### Records for processing
= Beginning of Section =
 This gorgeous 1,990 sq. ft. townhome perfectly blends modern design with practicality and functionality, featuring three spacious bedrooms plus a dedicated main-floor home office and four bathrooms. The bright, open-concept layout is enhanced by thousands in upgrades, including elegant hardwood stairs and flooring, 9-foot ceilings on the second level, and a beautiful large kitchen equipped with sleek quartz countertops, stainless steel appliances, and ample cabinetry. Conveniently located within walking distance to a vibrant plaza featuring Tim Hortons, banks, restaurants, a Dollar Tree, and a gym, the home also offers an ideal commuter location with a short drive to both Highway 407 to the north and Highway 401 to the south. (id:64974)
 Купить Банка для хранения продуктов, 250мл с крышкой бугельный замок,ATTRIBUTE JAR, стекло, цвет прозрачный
= End of Section =
= Beginning of Section =
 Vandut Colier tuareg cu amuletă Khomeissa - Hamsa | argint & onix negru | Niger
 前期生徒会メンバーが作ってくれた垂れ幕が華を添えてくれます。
= End of Section =
= Beginning of Section =
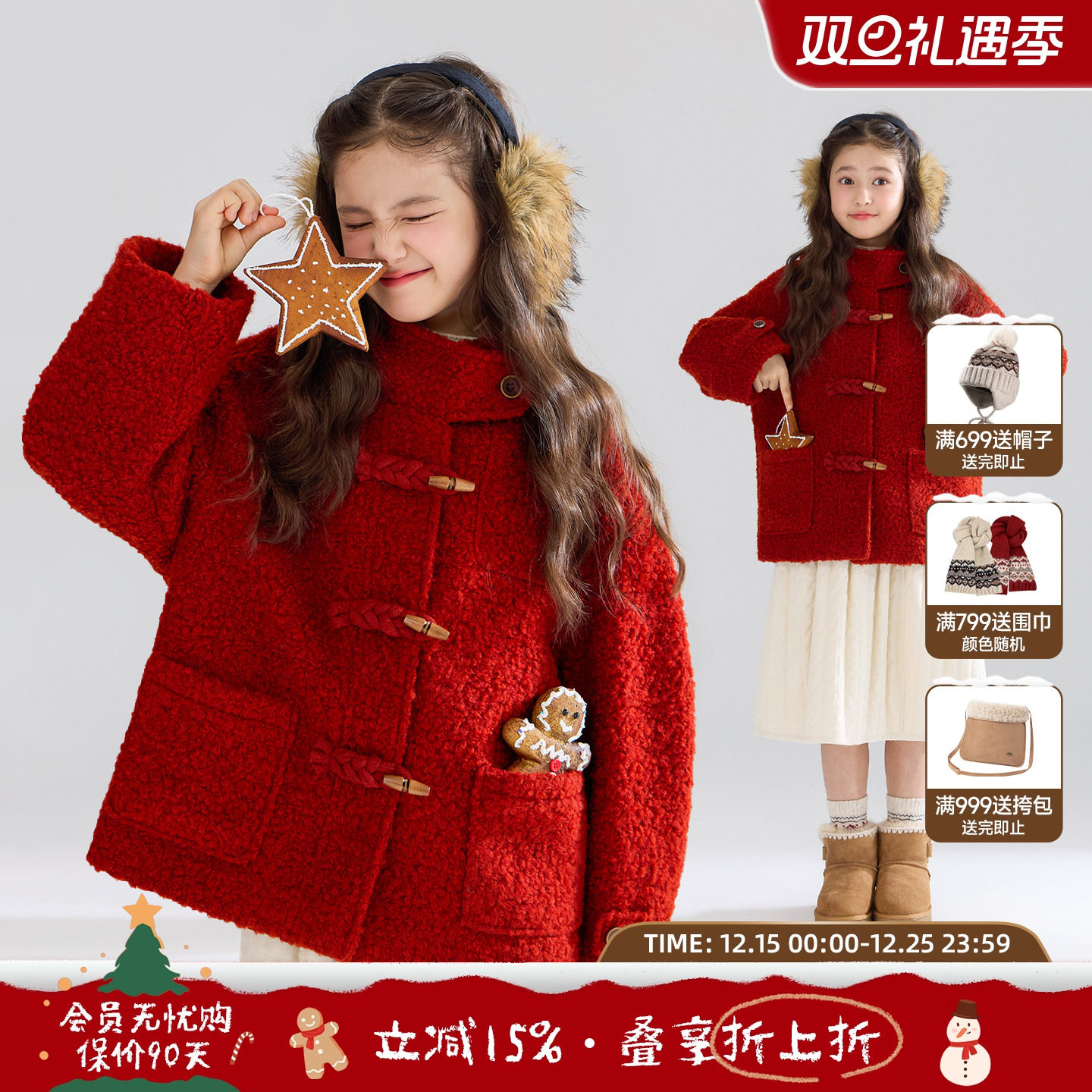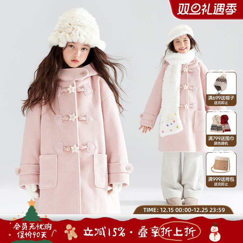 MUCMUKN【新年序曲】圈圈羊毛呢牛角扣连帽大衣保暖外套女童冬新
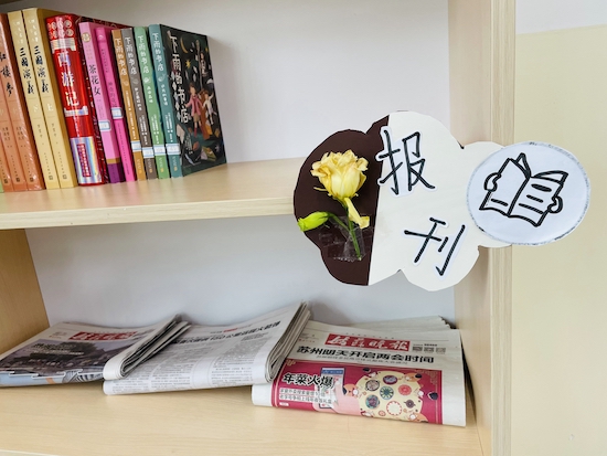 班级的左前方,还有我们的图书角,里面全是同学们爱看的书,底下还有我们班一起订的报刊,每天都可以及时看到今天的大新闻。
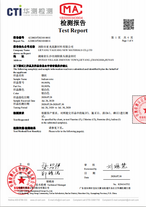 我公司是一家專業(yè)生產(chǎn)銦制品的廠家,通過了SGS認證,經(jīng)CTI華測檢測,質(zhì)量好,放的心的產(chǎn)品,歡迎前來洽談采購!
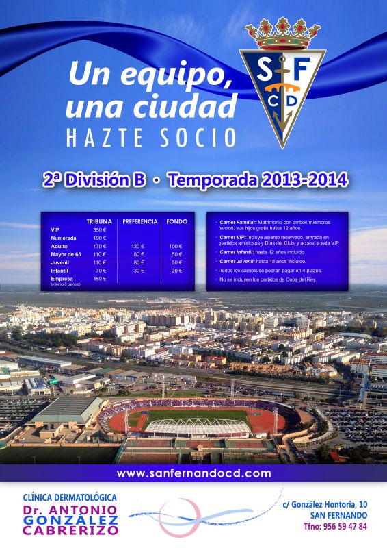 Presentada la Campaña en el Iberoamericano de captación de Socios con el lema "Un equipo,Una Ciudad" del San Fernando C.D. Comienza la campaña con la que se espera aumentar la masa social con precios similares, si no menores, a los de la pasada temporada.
= End of Section =
### The task
The output is the stretch above from the line with "班级的左前方,还有我们的图书" through the line with "Presentada la Campaña", copied word for word with both ends kept and every picture dropped.

### Completed task
 班级的左前方,还有我们的图书角,里面全是同学们爱看的书,底下还有我们班一起订的报刊,每天都可以及时看到今天的大新闻。
 我公司是一家專業(yè)生產(chǎn)銦制品的廠家,通過了SGS認證,經(jīng)CTI華測檢測,質(zhì)量好,放的心的產(chǎn)品,歡迎前來洽談采購!
 Presentada la Campaña en el Iberoamericano de captación de Socios con el lema "Un equipo,Una Ciudad" del San Fernando C.D. Comienza la campaña con la que se espera aumentar la masa social con precios similares, si no menores, a los de la pasada temporada.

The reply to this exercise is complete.